Few in the City have questioned the deal’s logic, which gives Shell huge deepwater Brazilian reserves and cements its position as the world’s biggest supplier of liquefied natural gas after Qatar.
But concerns have grown that Shell needs oil prices of $90 a barrel for the deal to work, its projected savings are too low and new LNG supplies will send Asian prices even lower.
In what one person present called an “impassioned” speech over a lunch with about 40 investors and analysts at Wimbledon on men’s quarter-finals day, Mr Henry insisted that the deal worked at $70 a barrel. The chief financial officer said it would add immediately to cash flow and the dividend would be maintained.

Another person said: “There is a frustration in Shell that people are not understanding the oil price that this deal works at and that the reason it works at that lower oil price is there are much greater synergies.”
A third person present at the speech said: “This was a tacit admission that they had underestimated, or missed, the importance of selling it hard to investors.”
Several analysts seized on Mr Henry’s remarks that “value” synergies were likely to be a multiple of initial operational cost savings of $1bn.
They suggested that the enlarged group’s Brazilian deepwater oil portfolio and its combined LNG trading and marketing operations would lead to economies of scale.
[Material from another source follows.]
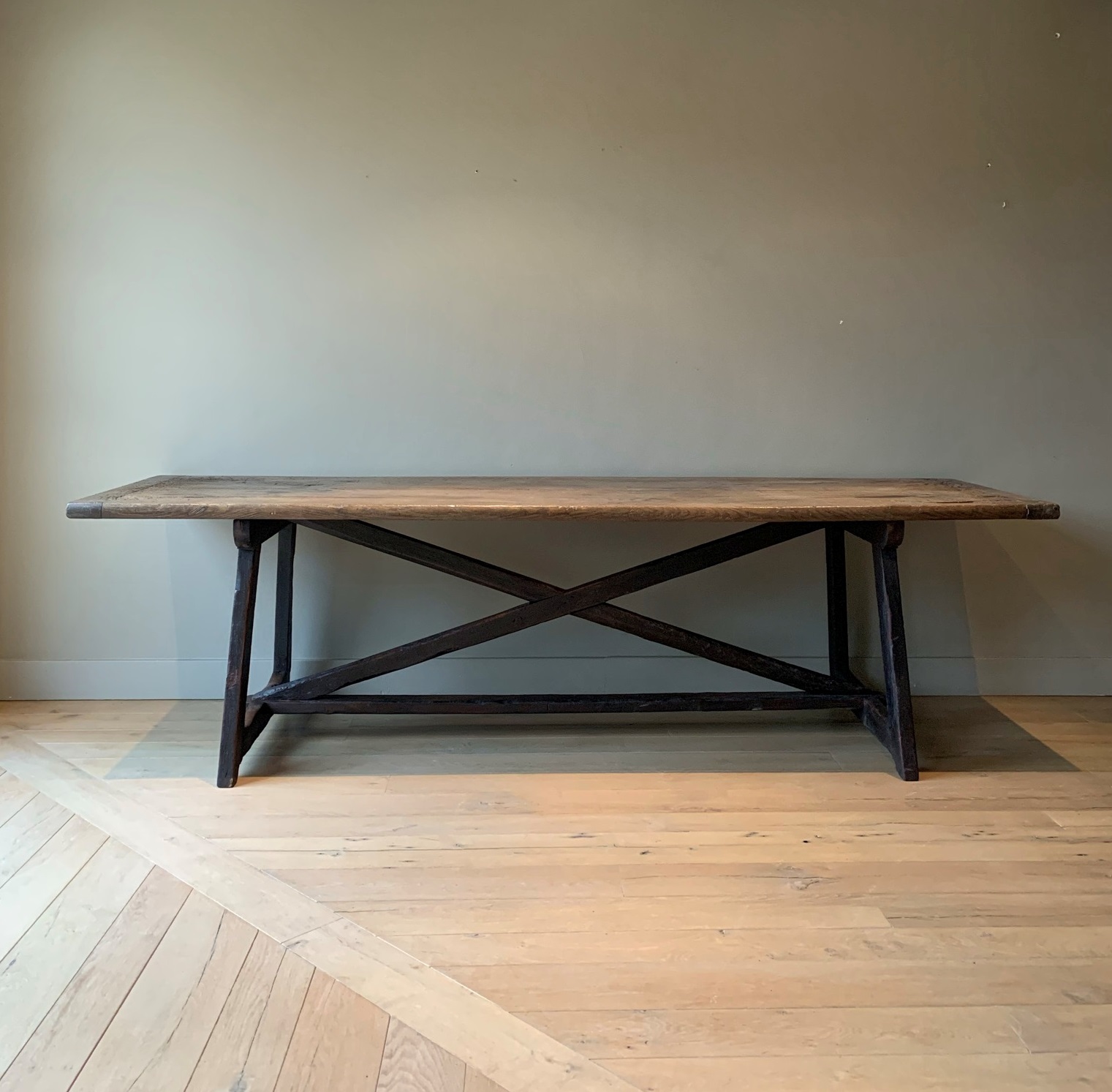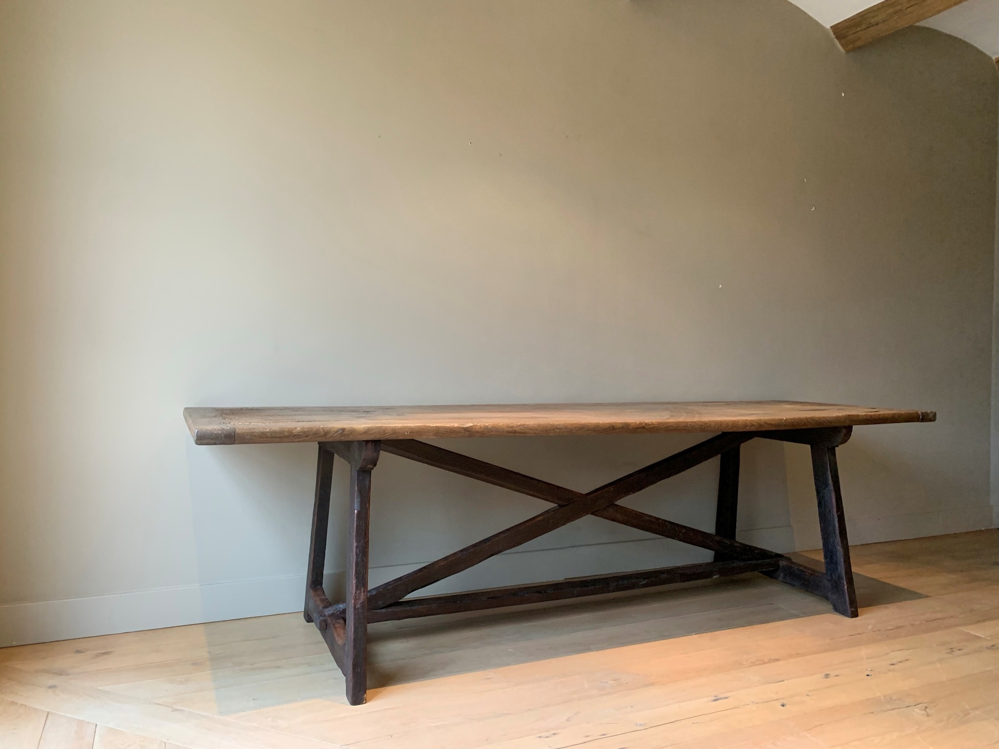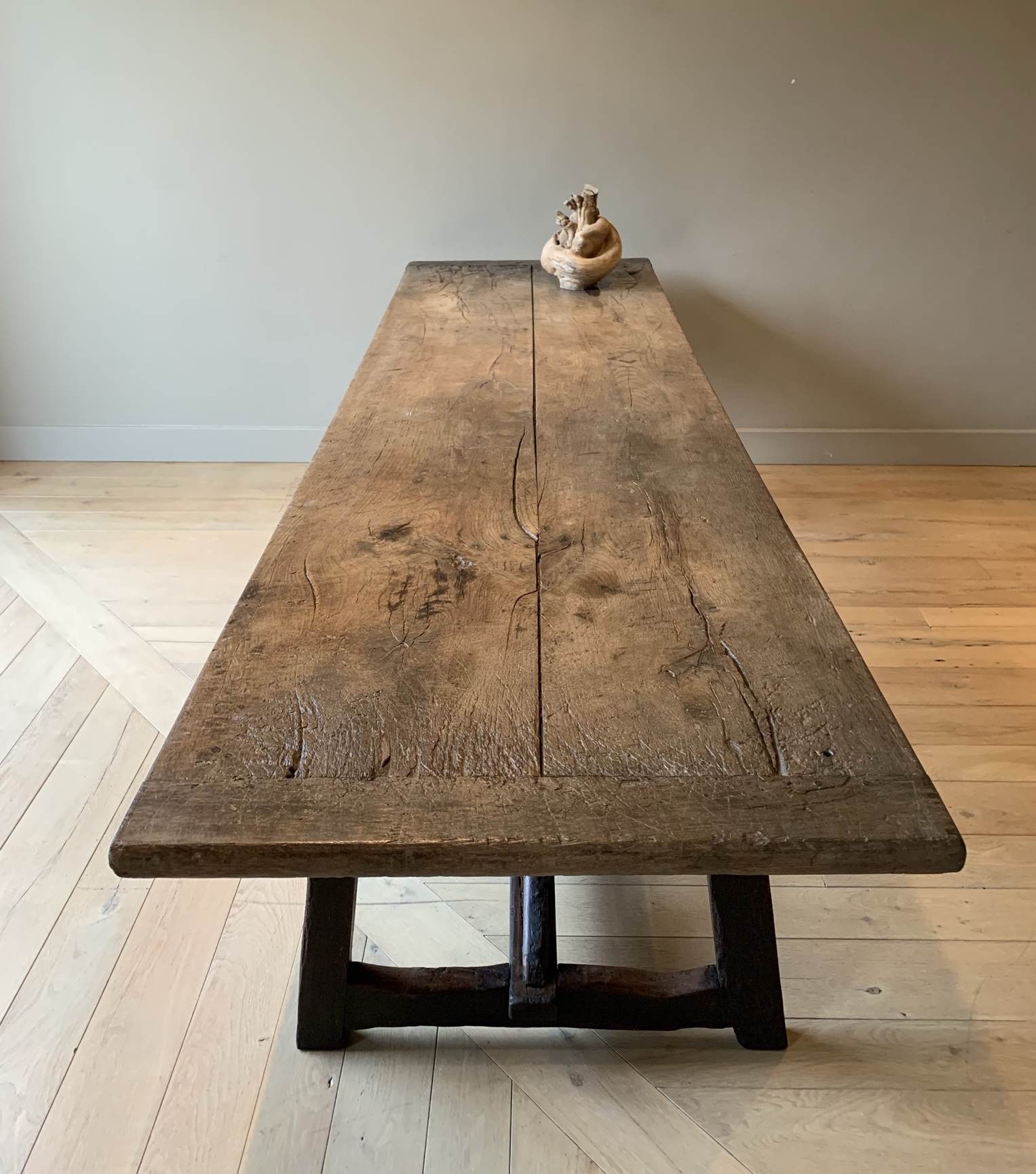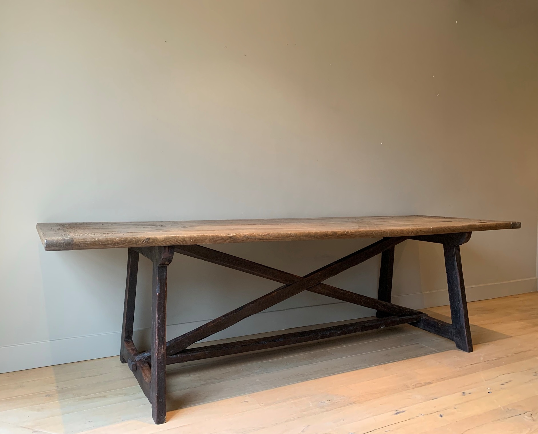 Een zeldzame en mooi geproportioneerde grote schraagtafel uit de Pyreneeën. Eettafels zoals deze werden eeuwenlang gemaakt door ambachtslieden op het platteland. Dit specifieke exemplaar is volledig met de hand gemaakt en er zijn twee enorme eiken planken van dezelfde boom gebruikt. Om eik zo breed te laten zijn, moest de boom zelf meer dan 100 jaar oud zijn.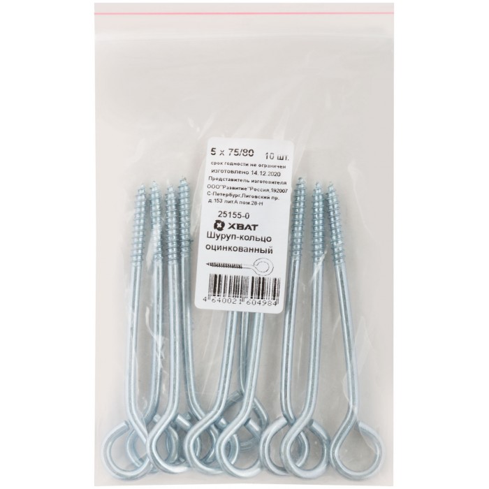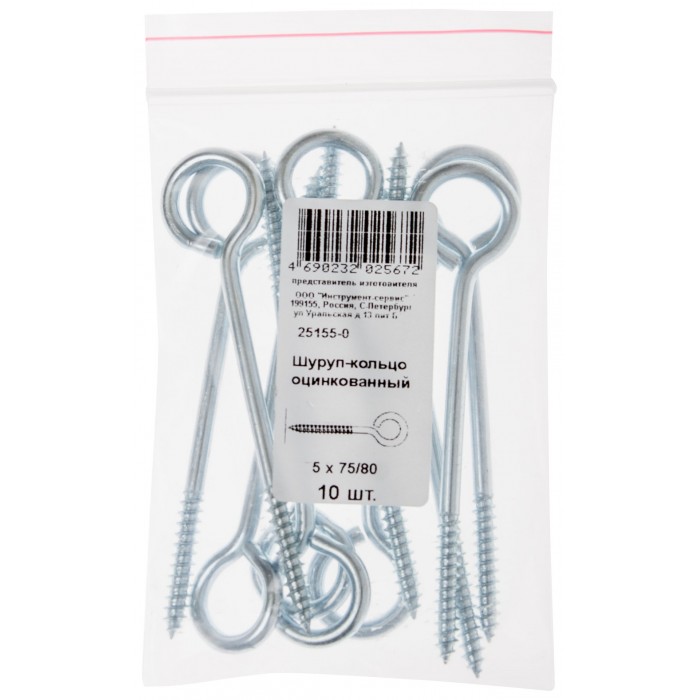 Шуруп-кольцо оцинкованный 5 х 75/80, 10 шт Фасовка (25155-0)

These would include reduced procurement and supplier costs in Brazil and, in the trading arm, savings on shipping and logistics.
Under takeover rules, Shell can only set out initial cost reductions from eliminating clear duplication in areas which accountants are able to verify, such as headquarters, IT and human resources.
Irene Himona, energy analyst at Société Générale, said she expected the company to announce value synergies “amounting to a potential ‘high multiple’ of the original $1bn”, and as much as $5bn, on the deal’s completion.

Shell’s shares have in the past year underperformed those of a group of “supermajors” including BP, whose share price rose after it announced steep spending cuts.
This year’s capital spending budget at Shell is expected to be revised lower, by several billion dollars from the $33bn announced at the end of April, reflecting project deferrals.